Amongst the professional ice hockey teams Taylor played with were the Canadian Soo Algonquins and the Michigan Soo Indians of the IPHL. Taylor also represented the Brantford Indians, St. Catharines Pros and Berlin Dutchmen of the OPHL. Prior to his exploits in professional hockey Taylor played as an amateur with Brantford and Paris clubs in the Ontario Hockey Association. He was also concurrently a lacrosse player.

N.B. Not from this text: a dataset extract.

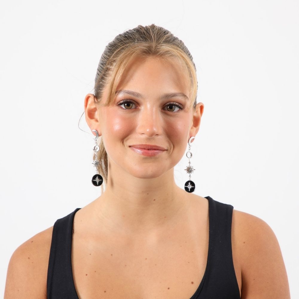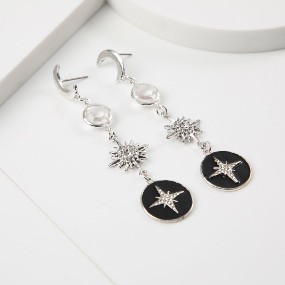 Aros plateados colgantes con dijes de forma de luna, de sol y redondo con una estrella de brillantes de fantasía sobre fondo negro.

In the 1906–07 IPHL season Taylor led the league with 46 goals and 64 points in 24 games. In the three-year history of the IPHL only Lorne Campbell of the Pittsburgh Professionals scored more goals than Taylor, with 108 and 99 goals respectively, but in 15 more games played.

In the 1908 OPHL season Taylor scored 28 goals in 12 games for the Brantford Indians which placed him second in the league, only behind future Hockey Hall of Fame inductee Newsy Lalonde of the Toronto Professionals who scored 32 goals in 9 games.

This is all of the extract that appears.